Covid, the quiet contributor

Employee engagement is seen as the opposite of burnout, with positively engaged employees more involved, committed, energised, and mentally resilient. A highly engaged workforce impacts positively on customer satisfaction and business performance.

South Africans working remotely rose from 4% of employees to almost 40% in the Covid-induced lockdowns of 2020,[1] leading to greater awareness of the potential for more autonomy and flexibility in how and where we work, she said.

“This, combined with the mental health impact of the pandemic, prompted people to reflect on the meaning of life and where work fits into it. Expecting people to just return to an old form of ‘normal’ in the workplace creates discomfort and is a factor in employees quietly quitting in order to keep work and life apart,” she said.

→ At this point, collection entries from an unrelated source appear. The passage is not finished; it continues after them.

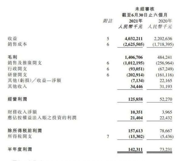 财报显示,截至2021年6月30日,集团实现营业收入为40.3亿元,较2020年同期的22亿元,同比增长83.1%;集团实现净利润为1.4亿元,较2020年同期的7320万元,同比增长94.3%。
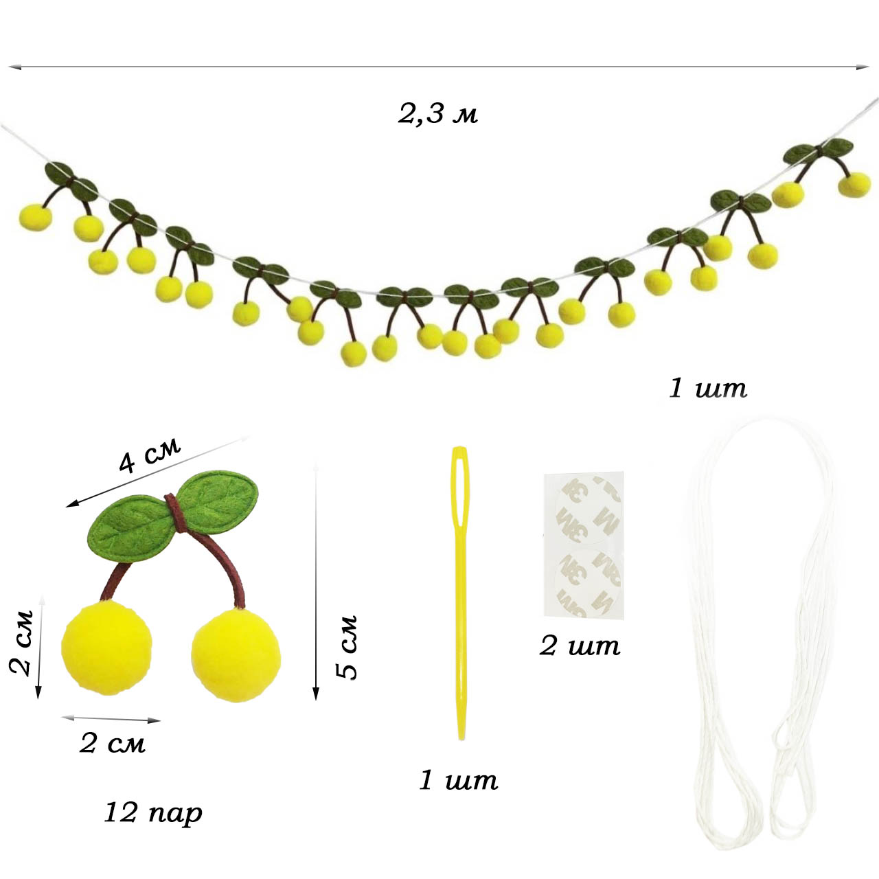 Количество вишенок на гирлянде - 12 пар.,
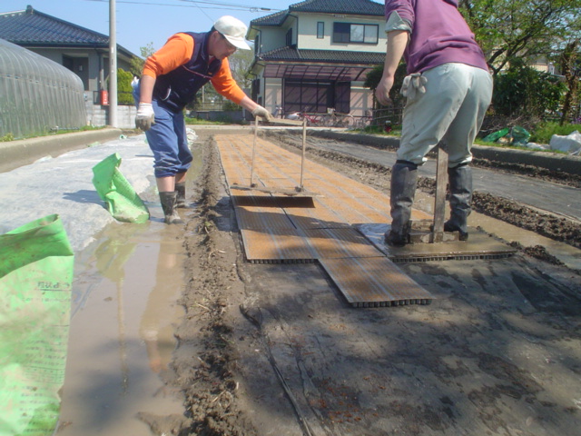 平らにした土の上に

Flags for early intervention

Signs of a quiet quitter include missing meetings and deadlines, meeting only the minimum of performance standards, arriving late or leaving early, isolating from a team culture or withdrawing from team and social activities, and showing less commitment, passion or enthusiasm for their work.

In addition to reduced performance and productivity, quiet quitting can negatively impact on interpersonal relationships at work as other team members pick up the slack, and it can be seen as a negative attitude that limits the person’s career progression.

“Some of these behaviours are performance-related and should be treated as performance issues, but much of it really has to do with engagement. High levels of engagement are linked to performance and well-being, but when employees don’t have a voice and feel disempowered, they become demotivated. Supportive management is fundamental to the success of performance management – when this is lacking, employees disengage,” she said.

Employee engagement happens at the cognitive, emotional and behavioural level, she said, and is linked to meeting expectations in the “psychological contract” that employees have with organisations, “the unwritten contract of perceived promises and expectations within the employment relationship”.

When this contract is broken, employees are more likely to leave the organisation, or simply quietly quit, she said.

Speak up on quiet quitting

Dr Winkler-Titus said open dialogue with employees about their expectations and motivations (what they need to improve their engagement with work) would help employers better understand what employees value and what it takes for them to feel respected and valued for their work.

She said employers should encourage and model a positive work-life balance and obtain feedback from employees on their workload and which projects interest them the most.

Performance reviews can include discussions on career aspirations and progression, and upskilling opportunities, to ensure that employees see a meaningful path ahead with the business.

[1] Survey by business consultants Willis Towers Watson of 66 SA firms employing 207 000 people, conducted in September & October 2020.